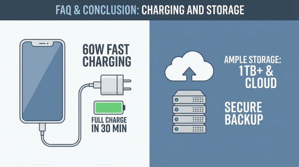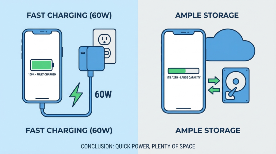 충전 속도: 60W 유선 고속 충전 지원 (기존 45W에서 대폭 업그레이드)
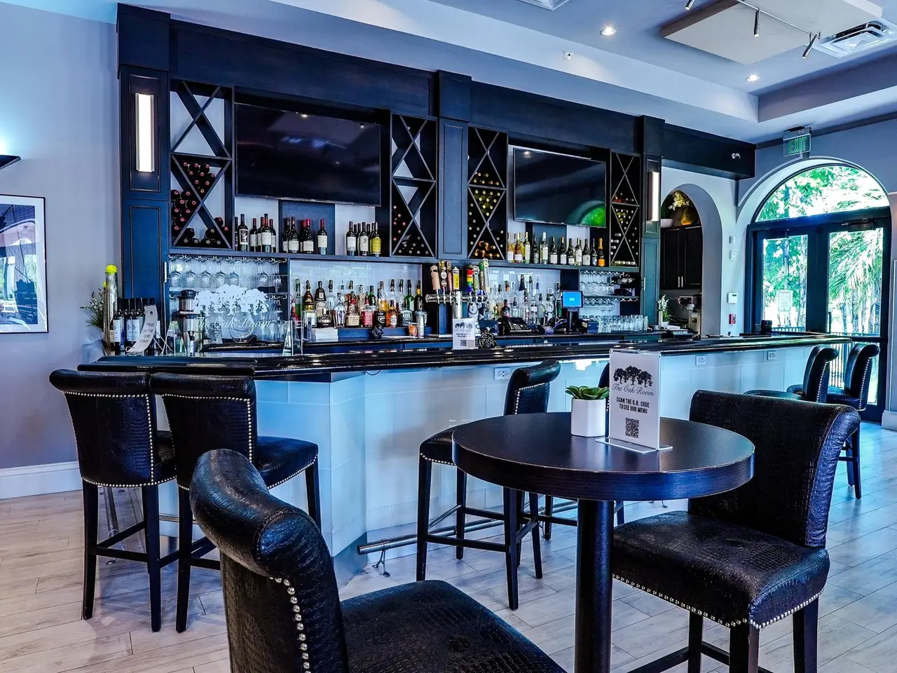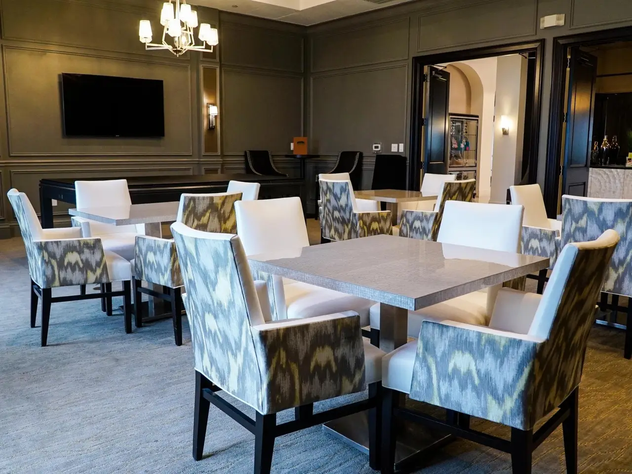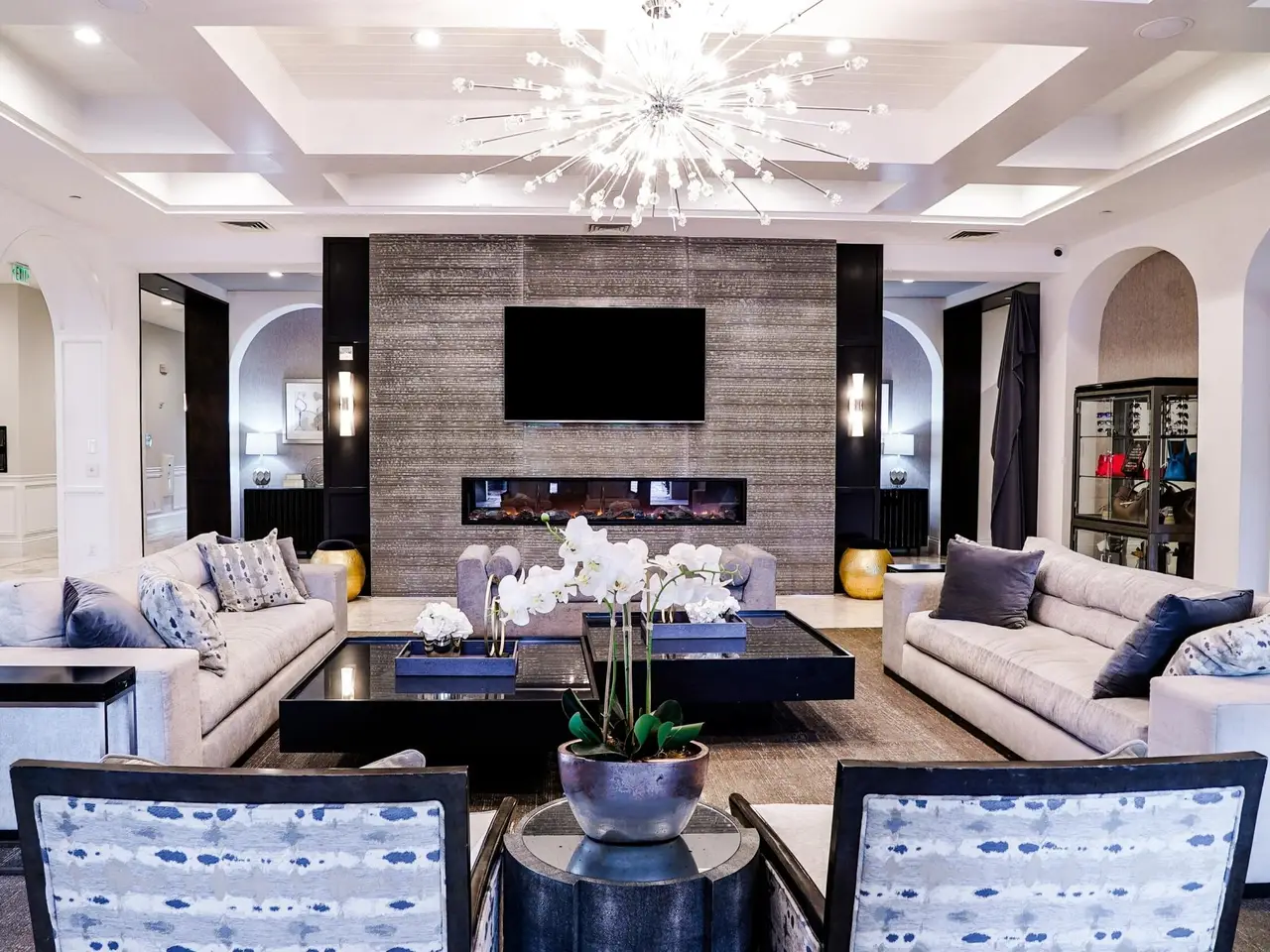 • Soaring two-story coffered ceiling
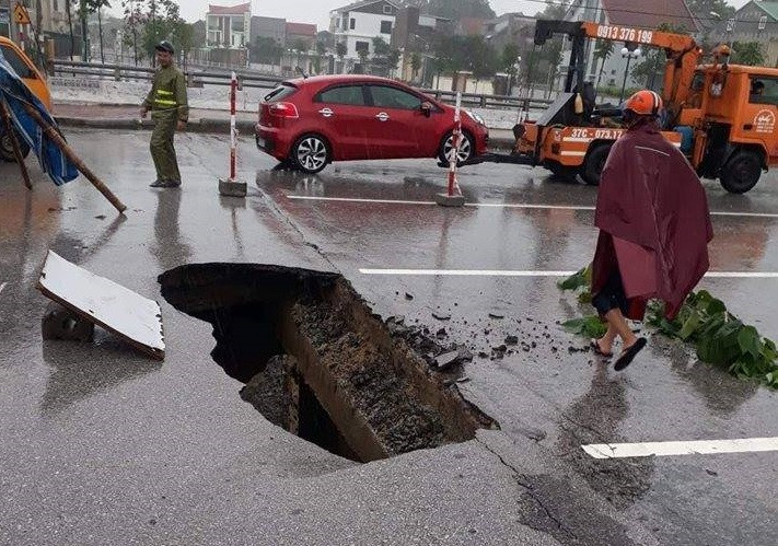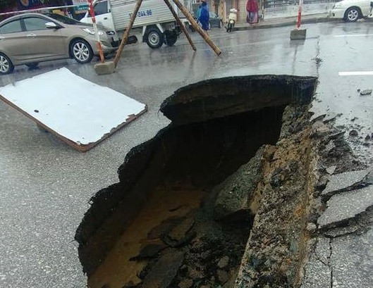 Mặt đường sụt lún nghiêm trọng tạo thành hố tử thần sau cơn mưa lớn kéo dài
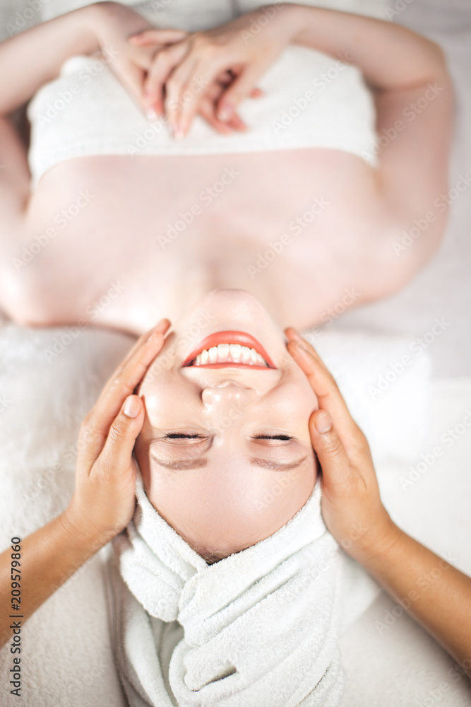 Bild auf Leinwand Adult european wealthy woman getting anti-aging face-lifting massage relaxing after working day
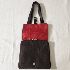 Baggallini Crossbody Bag Brown Small Nylon Square Faux Buckle Flap Fold Zip Clos
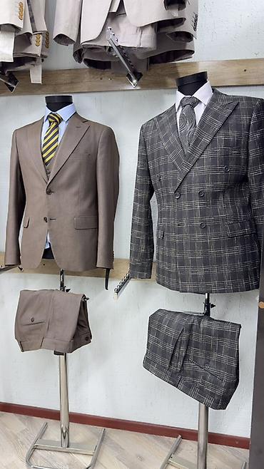 - Ассортимент: одно- и двубортные пиджаки, костюмы-двойки, модели в клетку и однотонные. Представлены деловые, торжественные и повседневные варианты.
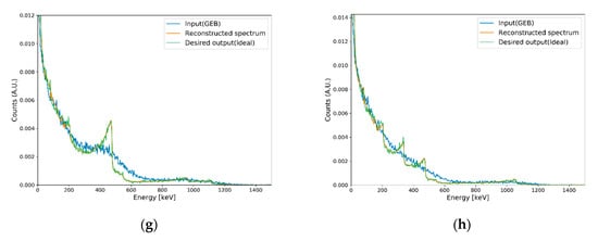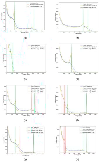 Results of Compton edge reconstruction for eight cases in the test set. Each synthesis ratio is (a) 100% 22Na; (b) 100% 60Co; (c) 100% 133Ba; (d) 100% 137Cs; (e) 70% 22Na and 30% 137Cs; (f) 50% 22Na and 50% 133Ba; (g) 20% 60Co, 20% 133Ba, and 60% 137Cs; and (h) 40% 22Na, 30% 133Ba, and 30% 137Cs.
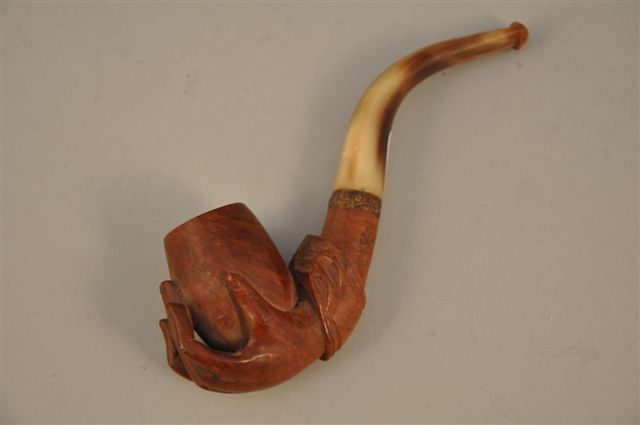 PIPE en bruyère sculptée, une main retenant le fourneau ovoïde, conduit en corne, bague métal doré à décor floral. Maison GF.
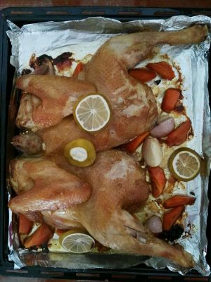 烤箱预热3分钟,200度烤1小时,香喷喷的烤鸡出炉啦。
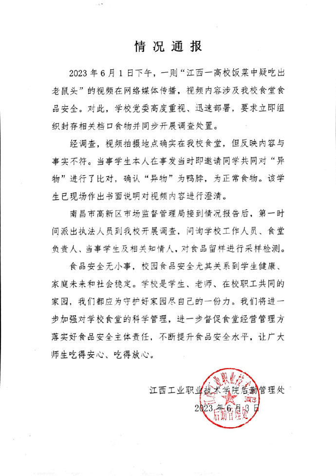 聯(lián)合調(diào)查組經(jīng)勘察現(xiàn)場,調(diào)取監(jiān)控視頻發(fā)現(xiàn),6月1日,學(xué)生在食堂吃出疑似為“鼠頭”的異物,被涉事食堂工作人員事發(fā)當日丟棄。通過查看食堂后廚視頻,查閱采購清單,詢問涉事食堂負責人、后廚相關(guān)當事人、當事學(xué)生和現(xiàn)場圍觀學(xué)生等,判定異物不是鴨脖。根據(jù)國內(nèi)權(quán)威動物專家對提取的當事學(xué)生所拍現(xiàn)場照片和視頻進行專業(yè)辨識,判定異物為老鼠類嚙齒動物的頭部。南昌高新區(qū)市場監(jiān)督管理局昌東分局、江西工業(yè)職業(yè)技術(shù)學(xué)院未認真調(diào)查取證,發(fā)布“異物為鴨脖”結(jié)論是錯誤的。
☆ ☆ ☆ ☆
**Directions**.
Exact copy, pictures excluded: from the line with "two-story coffered ceiling" up to and including the line with "Baggallini Crossbody Bag" in the data above.

**Output below**.
 • Soaring two-story coffered ceiling
 Mặt đường sụt lún nghiêm trọng tạo thành hố tử thần sau cơn mưa lớn kéo dài
 Bild auf Leinwand Adult european wealthy woman getting anti-aging face-lifting massage relaxing after working day
 Baggallini Crossbody Bag Brown Small Nylon Square Faux Buckle Flap Fold Zip Clos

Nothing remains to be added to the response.